Unfortunately, if it is not visually apparent that your mobo is defective it is very difficult to know for certain if your motherboard is the cause of your system instability. If some of your hardware is not being recognized this can be symptomatic of a faulty motherboard. If you can rule out almost all other hardware components using a live disk (as described below), then the mobo is a top suspect. To definitively rule out the motherboard, you would need to have a complete second set of components, (CPU, RAM, HDD, and PSU) to swap in. Of course, if your motherboard is still under warranty you should hopefully be able to RMA it to get a replacement.
Hardware troubleshooting using a live disk:
Rather than relying on software testing, you can more reliably discount hardware as a factor through a process of elimination. Power off, and then disconnect the computers power plug, (and battery, if equipped). Disconnect any secondary monitors, if you use more than one. Remove or disconnect as much internal hardware as possible. Disconnect any HDD, SSD, MMC reader, or optical drives. Remove any add in cards from their motherboard slots. This includes an add in GPU if you have onboard graphics, (switch to onboard in bios). Disable any devices such as onboard network adapters, onboard sound, parallel ports, and Firewire, or any other non-essential hardware that can be switched off via the BIOS. Leave only one RAM stick inserted in the primary socket. Replace any wireless keyboards and mice with USB or PS/2 versions during troubleshooting.
After disconnecting, removing, or disabling as much hardware as possible, boot from a live disk and run some stress tests to check for lockups. You can eliminate hardware possibilities by gradually adding back components one piece at a time. Always make sure that the computer’s power cord is unplugged before reinstalling any component. If the issue returns after adding back any particular piece of hardware that was removed you have likely found your culprit. However, as you add back more and more components this also increases the electrical load on your PSU. This means there is still the possibility a weak/flaky PSU could be part of your problem. The only way to know for sure is to swap suspect components with known good working hardware.
Other hardware troubleshooting recommendations:
-
Check that all internal cables are seated properly and undamaged. If a cable is getting old and/or the connection to the socket seems loose, it might be a good idea to replace it with a new one.
-
Also check all external cables for damage or a loose/sloppy fitting connection. Replace suspect cables with alternates if available. Cables running under carpet can be compromised if crushed. Pets also like to chew cables and this can cause lockups.
-
Disconnect all other monitors except your main monitor.
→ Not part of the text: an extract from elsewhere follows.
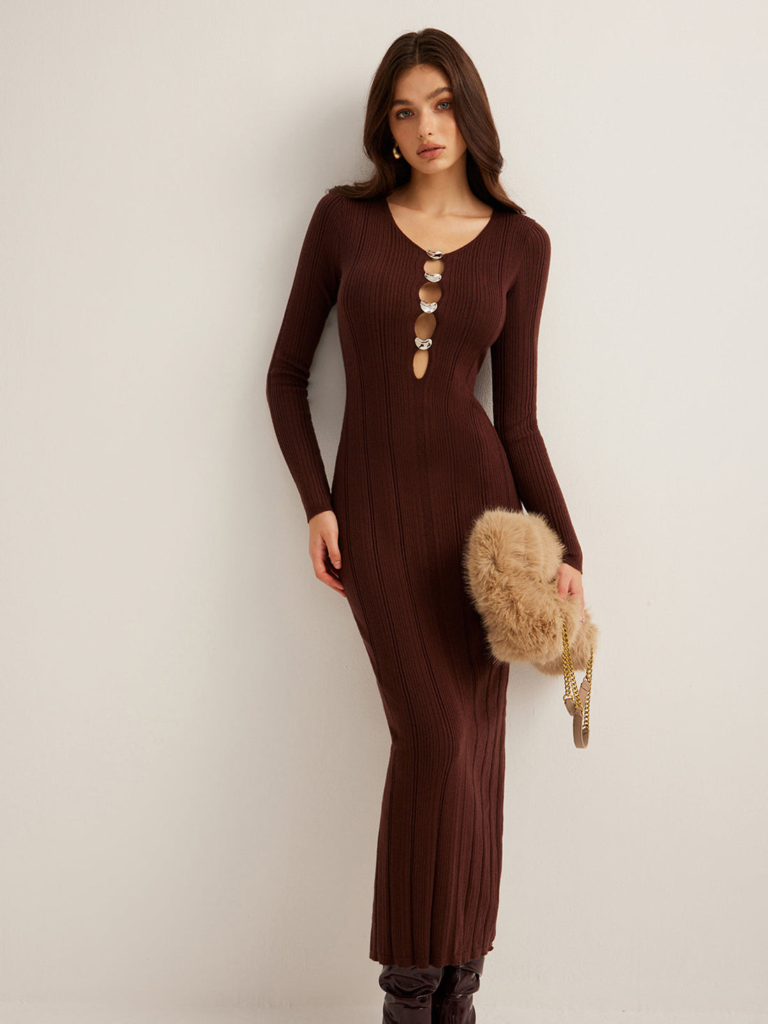 Balıkçı Yaka Pliseli Örgü Maxi Elbise

Try a different type of cable if your hardware supports using multiple standards such as DVI, HDMI, or Display Port.
-
Disconnect all peripherals such as USB hubs, USB Hard drives, printers, web cams, etc, etc, as a test to see if the freezes still occur.
-
Reboot into your bios and (if possible) disable your Ethernet and WiFi in your bios temporarily as a test. Also disable any non-essential hardware that can be shut down via the bios.
-
If you are using a wireless keyboard or mouse, try to replace them with wired versions for troubleshooting purposes.